As a total newbie, about 2 weeks' ago, I mixed up a variety of One Shots with PG and VG according to scale and the recipes, with the idea that I could add nicotine if I could find. In the recipes I made provision for using 36mg nic with a PG base, and and a final target of 3mg nic for each juice.
How much PG must I mix with the 10ml to reach 36mg base?
Please excuse my ignorance in this regard, but I don't want to take risks with such a potentially hazardous process.
Hope I'm making sense!


----------



## M.Adhir (30/5/20)

Assuming you mean 100mg 10ml nic. That's the equivalent of around 25 to 26ml of 36mg nic. 

You could dilute the Nic down by adding approximately 20ml of pg (100 /3 =33.3 and you are targeting 36mg nic to get a 3mg output eventually). 
Or just add less nic to your mixes (Add about a third of 100mg instead of what you would have added if using 36mg).

Reactions: Agree 1 | Useful 1


----------



## GerrieP (30/5/20)

Will also try and assist.
Attached pics.
One shows the amount of 36mg nic to add to a 100ml mix.
Next shows tbe 100mg nic to a 100ml mix.
Also pic of diluting to a 36mg with your 10ml. So yes Mr. M. Adhir is correct with his 20ml pg base to your nic. My calculator worked it out to 17.92ml
Note the pics works in grams and NOT ml.

Reactions: Useful 1


----------



## volcom27101982 (30/5/20)

M.Adhir said:


> Assuming you mean 100mg 10ml nic. That's the equivalent of around 25 to 26ml of 36mg nic.
> 
> You could dilute the Nic down by adding approximately 20ml of pg (100 /3 =33.3 and you are targeting 36mg nic to get a 3mg output eventually).
> Or just add less nic to your mixes (Add about a third of 100mg instead of what you would have added if using 36mg).


Yoh all this math and chemistry makes my head hurt but Im gonna have to get my head around it if I want to mix in the future. 

Thanks for the example.

Reactions: Funny 1


----------



## volcom27101982 (30/5/20)

GerrieP said:


> Will also try and assist.
> Attached pics.
> One shows the amount of 36mg nic to add to a 100ml mix.
> Next shows tbe 100mg nic to a 100ml mix.
> ...


What is this app on your phone called please?

Reactions: Like 2


----------



## GerrieP (30/5/20)

volcom27101982 said:


> What is this app on your phone called please?
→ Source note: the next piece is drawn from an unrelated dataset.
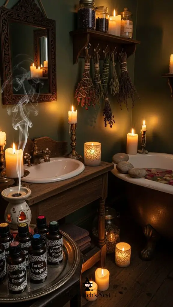 Candles are essential for creating a mystical atmosphere. Choose white for purity, black for protection, and pink for self-love. Place them around your bathtub or sink to transform everyday self-care into a ritual of renewal.

I use LiqCalc from play store.

Reactions: Like 2 | Winner 2


----------



## LeislB (30/5/20)

C1 x V1 = C2 X V2
10 x 100 = 36 x V2
1000/36 = V2
27.7777 = V2

So if you take your 10ml of 100mg/ml of nicotine and add 17.7777ml of PG (to get a final volume of 27.78ml) you will end up with 36mg/ml nic
*edited, @alex1501 thanks for pointing out my dumbass error!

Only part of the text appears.